One supporter who attended the party said she decided to vote for Jealous in the voting booth today.
Michelle Ngwafon, 25, of Montgomery County, said she thought there were many good choices, but Jealous spoke with a vision that inspired her.
Rushern Baker, Jealous’ closest competitor, conceded around 10:30 pm. He told his supporters at the College Park Marriott that he pledged in a phone call to do everything he could to help Jealous win in November.
“The main thing is we need to get a Democrat back in Annapolis so that we can actually have health care for everybody, so that we can actually raise the minimum wage,” he said. “So that we can turn an education system that's gone down under Hogan's administration and turn it back up.”
He told supporters it was a bittersweet night for him, but their work is not done.
“It is about the work we have to do tomorrow,” he said. “Tomorrow we have to do the work of making the state better."
Earlier in the evening, Hogan joked with the crowd at his election party at Union Jack’s pub in Annapolis.
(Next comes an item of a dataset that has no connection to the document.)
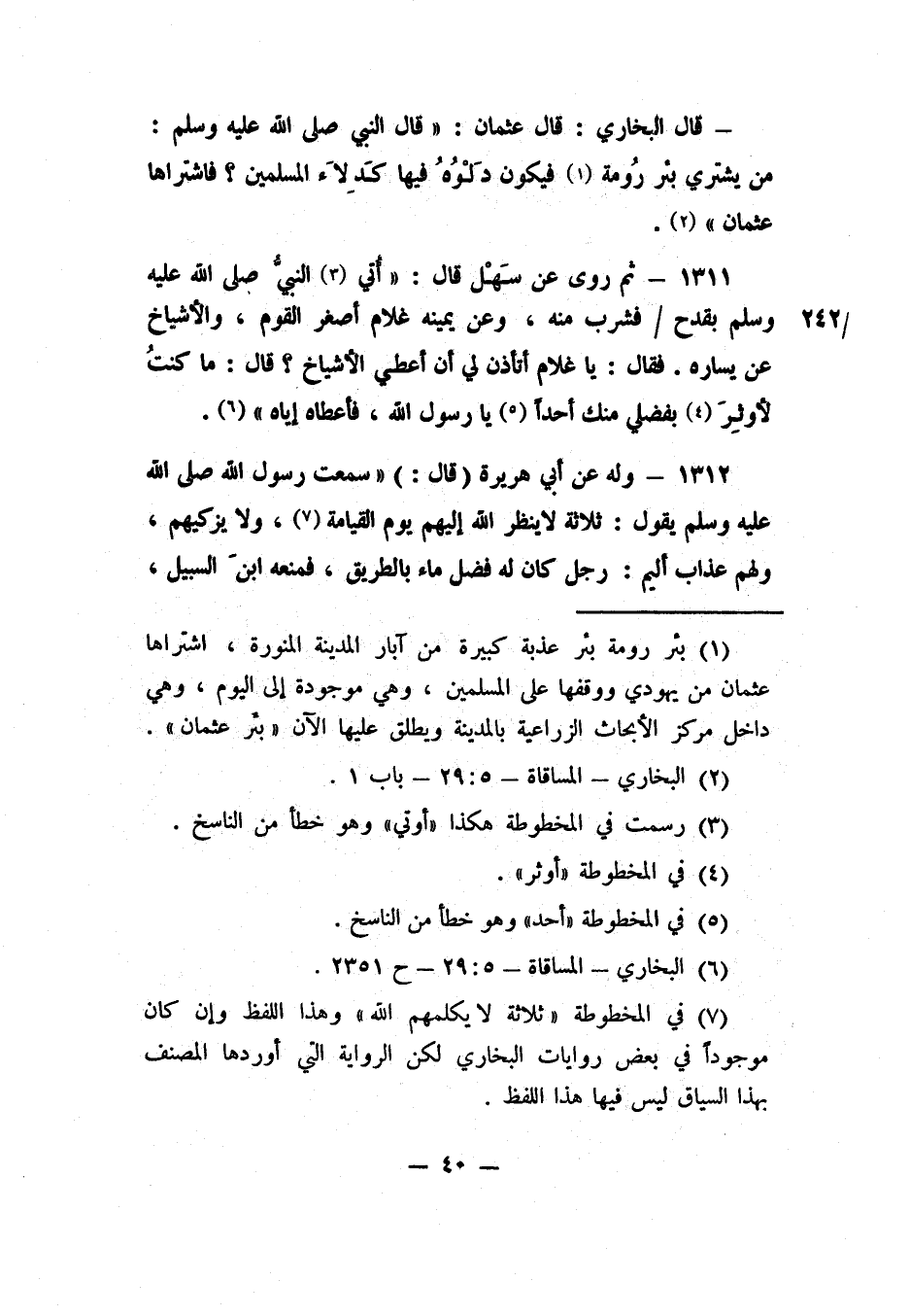 1311- ثم روى عن سَهْل قال: "أُتي 3 النبيُّ صلى الله عليه وسلم بقدح فشرب منه، وعن يمينه غلام أصغر القوم، والأشياخ عن يساره. فقال: يا غلام، أتأذن لي أن أعطي الأشياخ؟ قال: ما كنتُ لأوثِرَ 4 بفضلي منك أحداً 5 يا رسول الله، فأعطاه إياه" 6.

He said sooner or later one of the seven Democrats in the primary would “limp across the finish line” with a tiny percentage of the vote.
“It’s not really their fault that they’re not catching on with the voters,” he said. “It’s just that 75 percent of all Marylanders, including two--thirds of all Democrats, approve of the job that we’ve been doing.”
A Washington Post University of Maryland Poll earlier this month showed Hogan with a 71 percent job approval rating and approval of nearly two-thirds of Democrats.
Jealous said those approval ratings don’t worry him.
“There is skepticism that Larry Hogan can be beaten,” he said. “Well, we’ve got a message for those who think this race is already over: Larry Hogan will lose in November because he is not ready to run against someone who knows how to build a people powered grass roots campaign.”
But that people power will have to come from all corners of the state.